In this instance, to Ó Dálaigh CJ.'s reference is that the standard of care that is expected of the teachers was discussed by the Supreme Court, where the parties conceded that teachers are to be held to a standard based on a reasonable person in loco parentis, rather than that of a reasonable teacher.

== Holding of the Supreme Court ==
With McGuinness J.'s agreement, McCracken J. rejected the appeal and upheld de Valera J.'s judgement. Nonetheless, the court emphasised that the trial judge must make his decision based only on the facts at hand and not on any potential concessions made by the respondent's counsel when the matter was first filed. When it came to discipline, that school had severe problems. The Court acknowledged this by highlighting the requirement that teachers be added to a roster for supervision. The learned Supreme Court Judge stated in his decision that given the circumstances of the case and the school's history of indiscipline, the appellants had a duty of care to provide supervision at lunchtime in accordance with the rota system, and that their failure to do so constituted negligence on their part. He was also satisfied that there was no contributory negligence on the part of the plaintiff or respondent.

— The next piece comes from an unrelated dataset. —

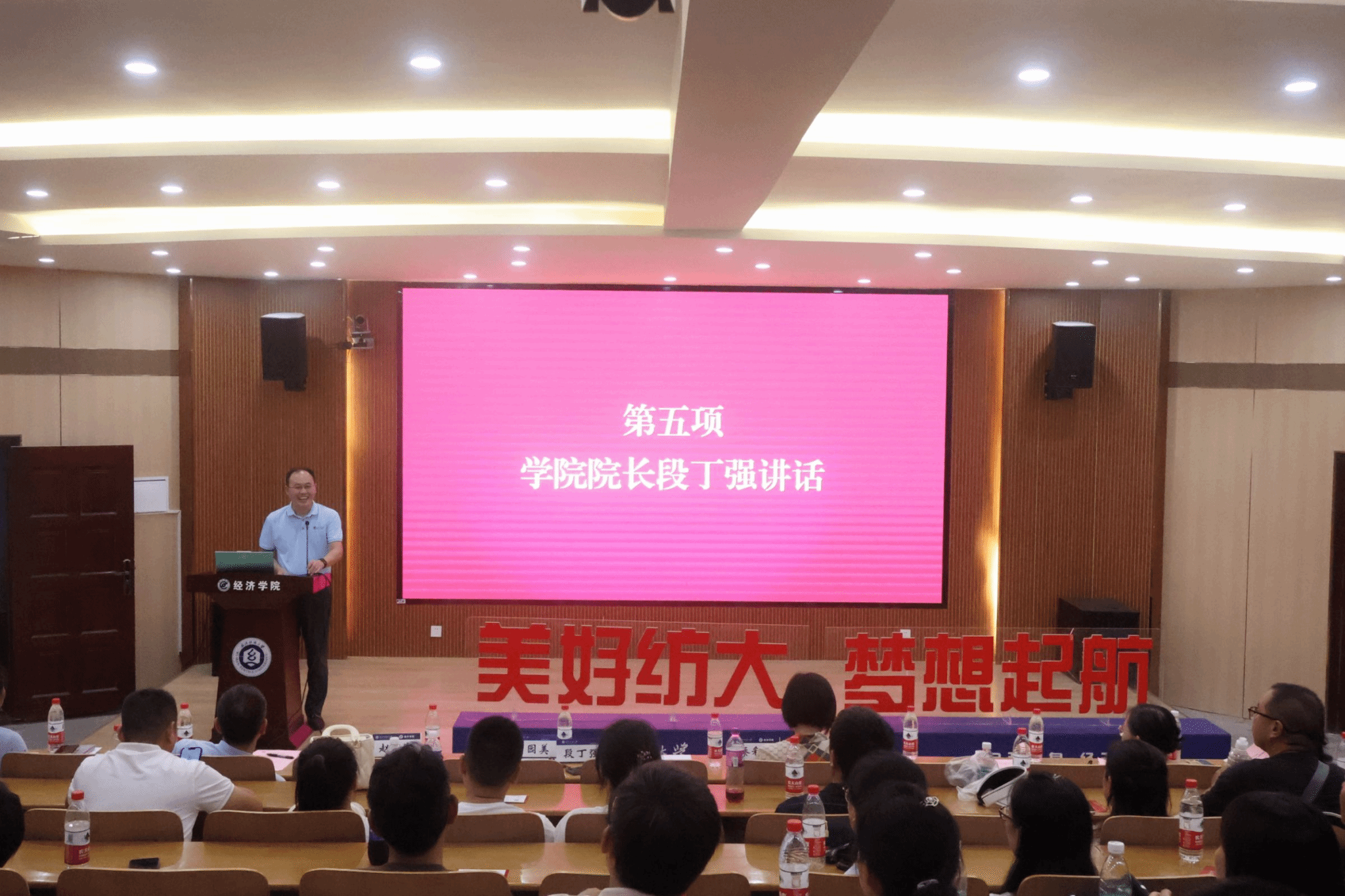 “如何扣好人生的第一颗扣子?”为回答这一时代命题,段丁强强调,同学们要在新的生活和学习中认识自我,把握崭新的自我定位,在人生不同的赛道上争取跑出自己的最好成绩,在立志立行中不断锤炼本领、提升能力,在求学过程中拼搏奋斗、不留遗憾。他表示“不能因为换了一个较为轻松的大学环境,就迷失自我,要坚明确目标,做好规划,让青春不留遗憾。”

== Dissent of Fennelly J. ==

Fennelly J. believed that a retrial should have taken place, that the High Court Judge completely ignored the proper legal standard of care, and that the judge did not decide the case in line with the arguments. The issue, according to Fennelly J., is not what the appellants thought essential, but rather what is actually required to uphold the appellants' duty of care. The court did state, however, that it was clear from the evidence that nobody had been keeping an eye on the refuge area on that specific day. He then cited the plaintiffs' testimony on the supervision system, saying that everyone was aware that if they did anything wrong a teacher would be on their backs in a matter of minutes or seconds.

He said that instead of the high court's decision, he would let the appeal go through and order a new trial.

== Subsequent developments ==

In the High Court case Maher (A Minor) v Presentation School Mullingar, this case was distinguished. In this case, Peart J. said that the level of supervision needed for a class of six-year-olds is higher because they are so young, and that the level of supervision needed for older children is lower.